[Ffmpeg-devel] patch: altivec optimizations for h264 decoder

Mon Feb 6 13:39:33 CET 2006

Hi

On Mon, Feb 06, 2006 at 11:24:14AM +0100, Mauricio Alvarez wrote:
> Hi all
> 
> As a part of my academic research on architectures for video
> decoding I am doing some optimizations to the h.264 decoder for the ppc
> architecture using altivec, and I want to submit them back to the ffmpeg
> project.
> 
> I have implemented the following functions:
> - luma motion compensation for 8x8 and 4x4 pixels blocks
> - chroma motion compensation for 4x4 pixel blocks
> - inverse transforms: 8x8 and 4x4
> 
> i) for the 4x4 inverse transform I have implemented two versions: the
> first one, called ff_h264_idct_add_altivec, implements the transform
> with the same algorith as the c version.

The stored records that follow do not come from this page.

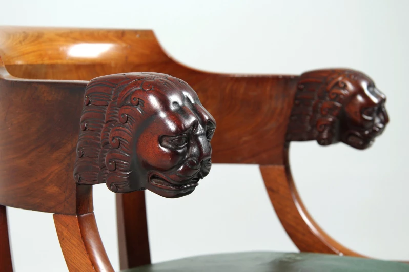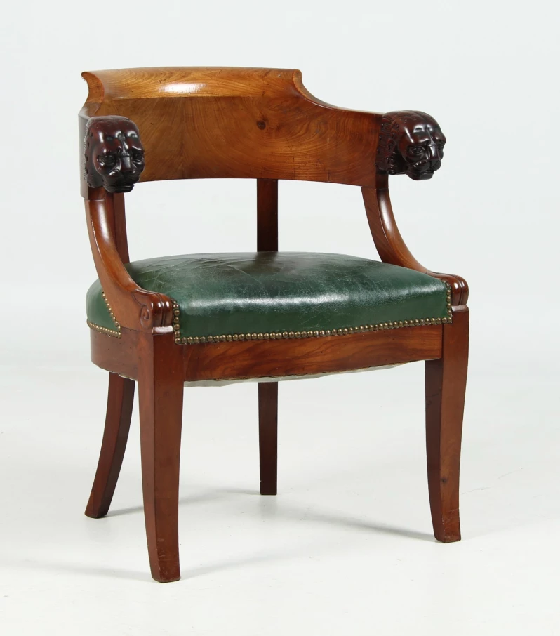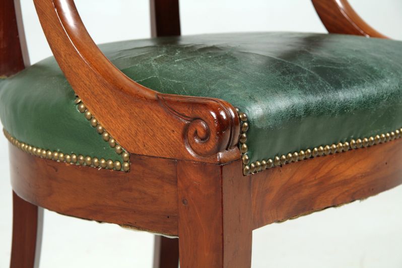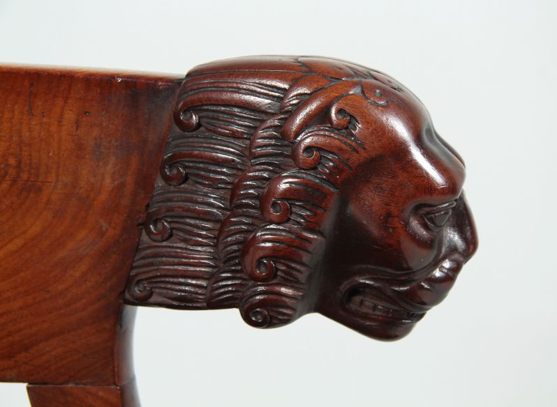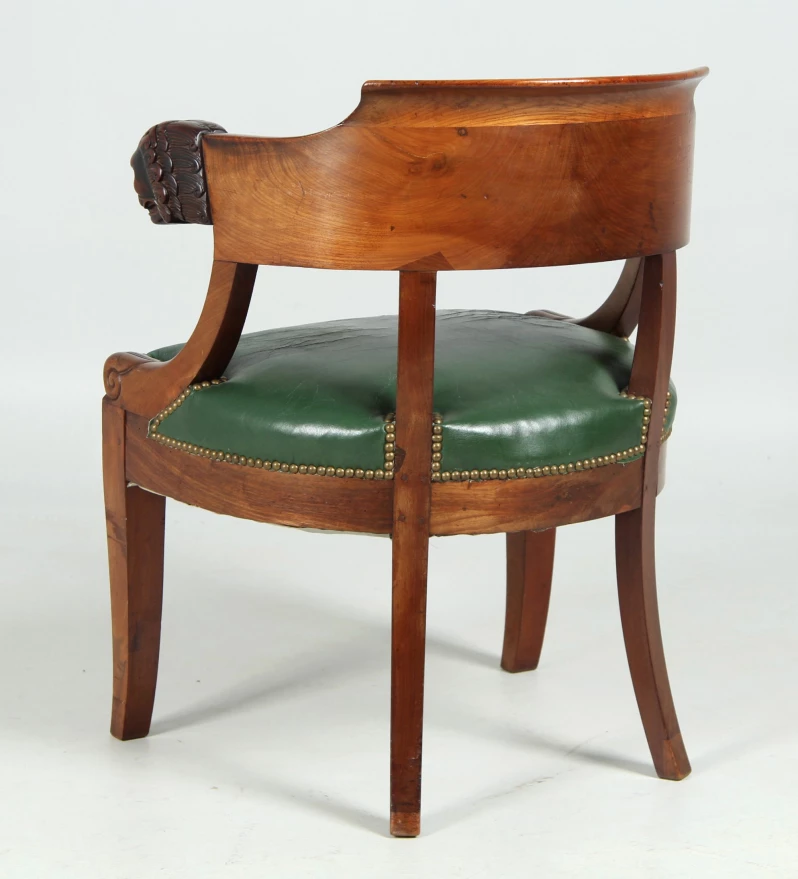 Des pieds carrés légèrement évasés en forme de sabre à l'avant et à l'arrière soutiennent l'assise rembourrée et recouverte de cuir vert. Un large dossier, plaqué d'acajou sélectionné et décoré de poignées sculptées en forme de têtes de lion, suit la forme en demi-cercle du cadre. Les clous en laiton doré du rembourrage enrichissent le jeu de couleurs des tons rouges changeants du bois d'acajou avec le revêtement en cuir vert mousse de l'assise.
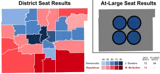 The 2011 Indianapolis City–County Council elections took place on November 8, 2011. All 29 seats were up for re-election, 25 districts and 4 at-large seats, on the Indianapolis City–County Council. Prior to the elections Republicans held a 15–13–1 seat majority. Following the elections Democrats gained control of the council with a 16–13 majority.[1][2] This marked the first time in Indianapolis history that a Republican mayor would lead with a Democratic council.[3]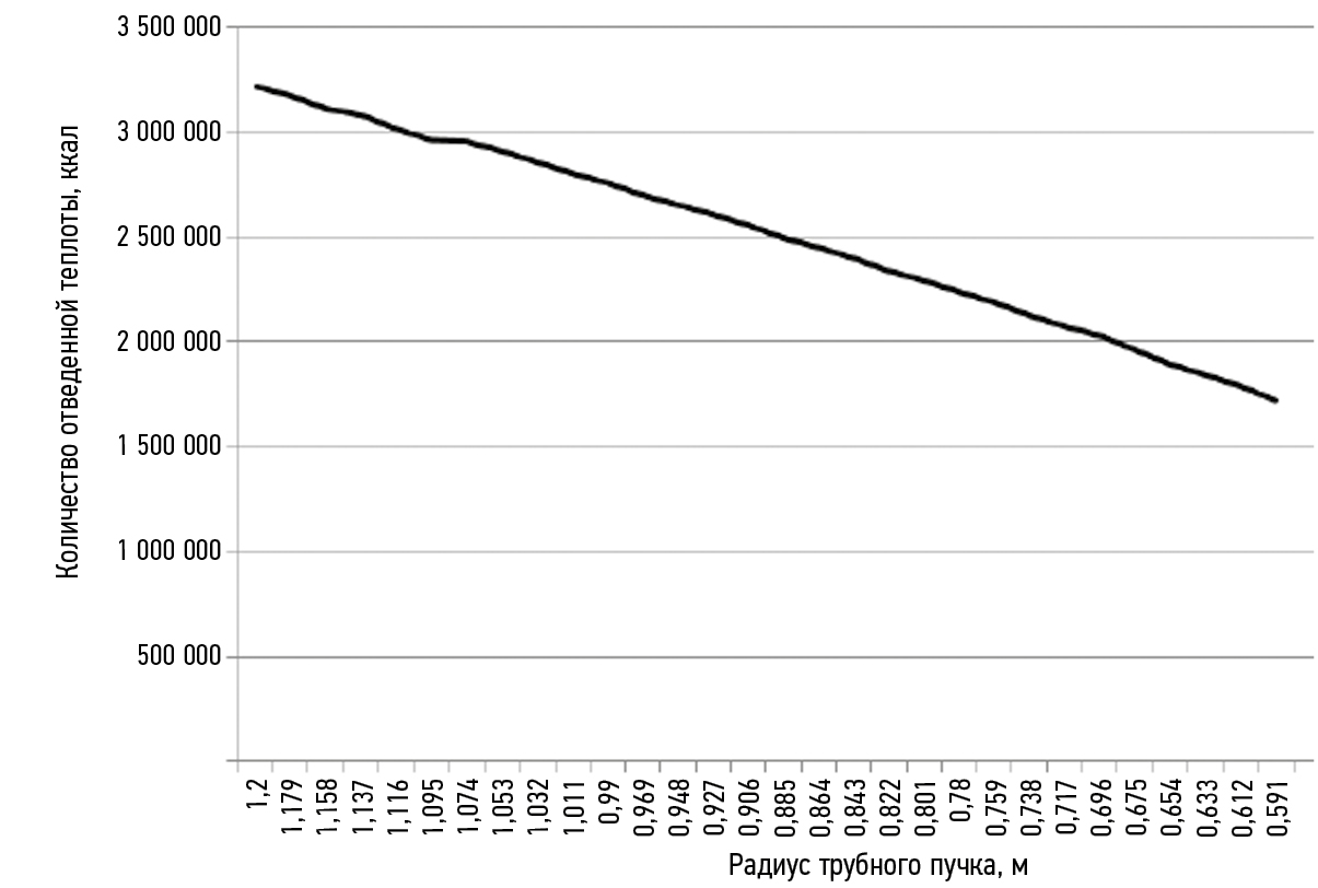 Рис. 8. Количество отведенной теплоты трубного пучка с винтовыми круглыми трубками, ккал.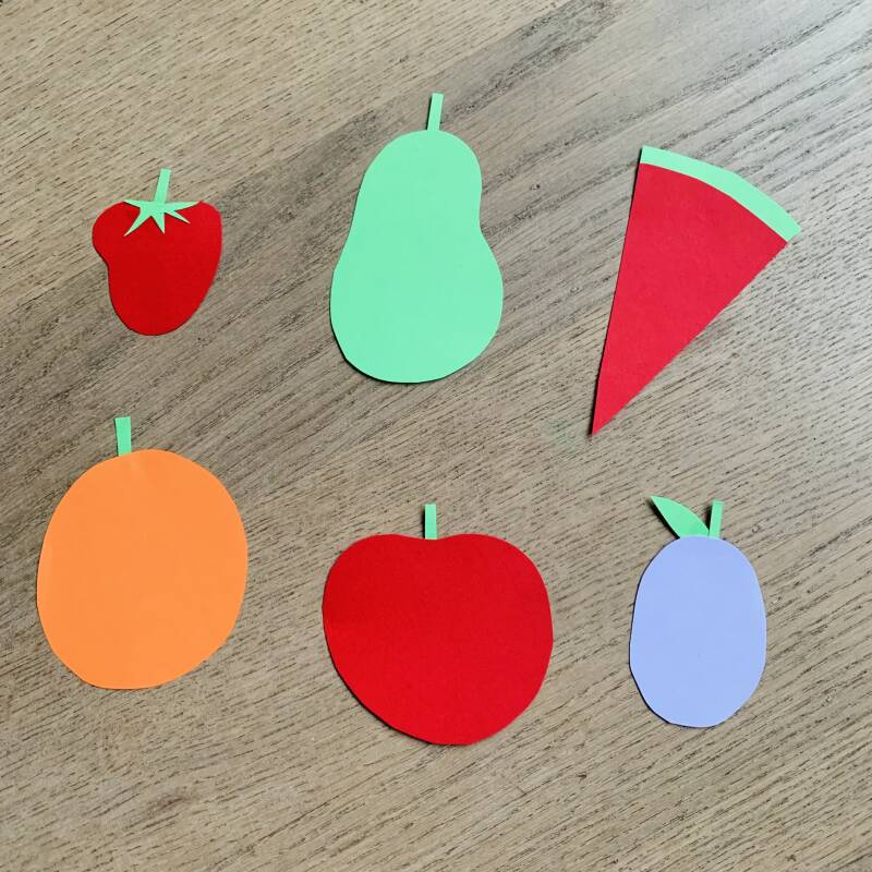 Knip uit gekleurd karton of papier de onderdelen voor het eten van Rupsje Nooitgenoeg. Zie foto. Dit worden een aardbei, peer, watermeloen, sinaasappel, appel en een pruim.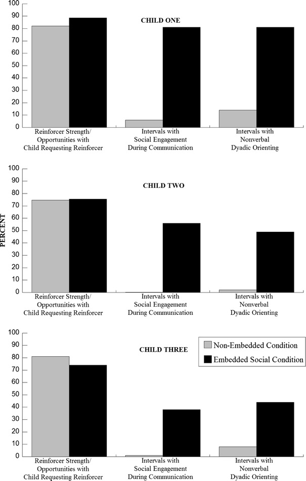 Comparison of reinforcer strength, social engagement during communication, and nonverbal dyadic orienting results in the embedded social and the non-embedded conditions for all children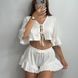 Pijama de mujer tipo cárdigan y de tirantes con mangas cortas con volantes y pantalones cortos que se pueden usar al aire libre.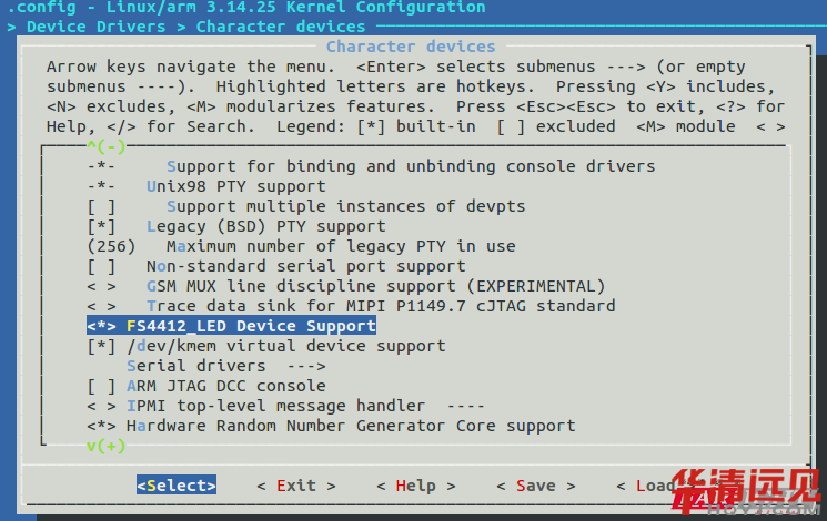 如果FS4412_LED Device Support選項被選中為*,則保存配置之后會在源碼目錄下面的.config文件中出現(xiàn)CONFIG_FS4412_LED的配置項并賦值為y;這個.config文件就是配置內(nèi)核后生成的保存配置信息的文件。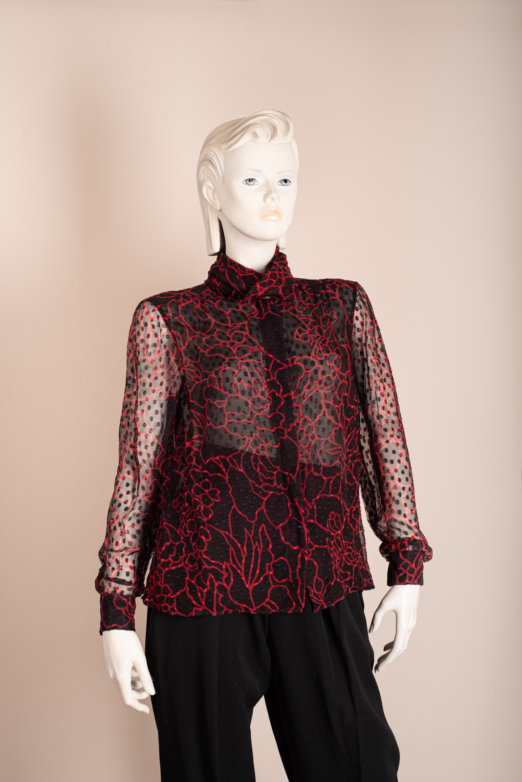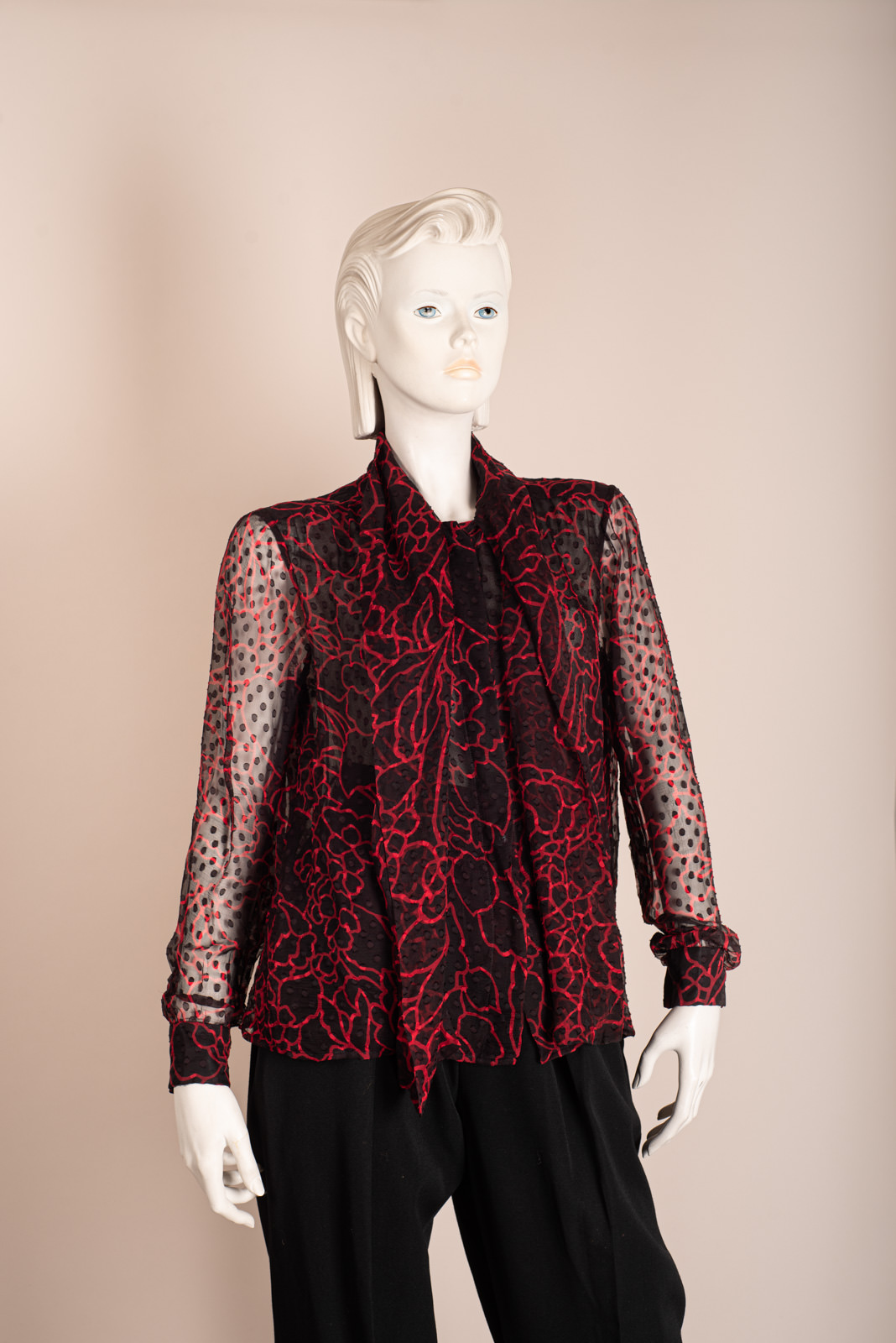 - Red and black chiffon blouse

The second one is
> ff_h264_idct_add_altivec_mat which implements an optimized matrix
> multiply algorithm described in Chen paper [1]. In the altivec
> implementation the second (matrix) algorithm has a speed-up of 2.95 with
> respect to the C version while the first version has 1.55.
> 
> ii)The 8x8 luma motion compensation implementation with altivec has a
> 2.12 speed-up compared with the C version and the 4x4 has 1.30.
> 
> iii)The chroma 4x4 motion compensation has a speed-up of 1.85 again
> compared with the C version.
> 
> iv) I have performed a regresion test and the new optimizations passed
> it ok. Also I have decocoded some videos[2] coded with the JM and x264
> encoders at HD resolution and all of them decode well.
> The speed-ups for the sequences used is described in the next table:
> 
> Coding options:
> - resolution: 1920x1088p25,
> - profile: main, level: 5.0
> - qp for I,P slices: 22
> - qp for B slices: 24
> - coded sequence: I-P-B-B-P-B-B
> - direct mode: temporal
> - Weighted prediction
> 
> 
> sequence	ffmpeg-cvs	ffmpeg-patch
> 		time [s]	time [s]	speed-up
> pedestrian	11,89		10,15		17,14 %
> riverbed	19,11		17,73		7,78 %
> blue sky	11,33		10,13		11,85 %
> rush hour	12,34		11,24		9,79 %
> AVG						11,64 %
> 
> I hope the patch is OK for FFMPEG developers. Any comments or suggestion
> to improve the patch are welcome.
> 
> Mauricio Alvarez
> Department of Computer Architecture
> Universitat Polit?cnica de Catalunya
> Barcelona-Spain.
> 
> [1] Yen-Kuang Chen, Eric Q. Li, Xiaosong Zhou?, and Steven Ge.
> Implementation of H.264 Encoder and Decoder on Personal Computers.
> Journal of Visual Communication and Image Representation, July 2005.
> 
> [2] Mpeg test sequences at HD resolution
> http://www.ldv.ei.tum.de/liquid.php?page=70
> 

[...]
> +      } break;										
> +    }
> +  
> +    vector unsigned char vdst_mask = vec_lvsl(0, dst);

mixing declarations and statements, romain is this an issue for ppc-asm or do
all compilers which support ppc-asm support this too?

[...]

the patch is also full of tabs and trailing whitespace, whoever applies it
will have to run this through clean_diff ...

the mixed indention style is ugly too but the files are already in this
messed up mix so its ok, fixin the indention of the whole ppc/* should be
separate if we do it ...

[...]
> +  if ( (unsigned long)dst & 0xF){		/* unaligned access to dst for add */
> +
> +    switch ((unsigned long)dst % 16){    						

hmm why not &0xF in both?

[...]
> @@ -264,3 +816,5 @@ void dsputil_h264_init_ppc(DSPContext* c
>      // ... pending ...
>    }
>  }
> +
> +

hmm

[...]
> +    signed int ABCD[4] __attribute__((aligned(16)));

please use the new DECLARE_ALIGNED macros

[...]

romain please review and test, you are the ppc maintainer

-- 
Michael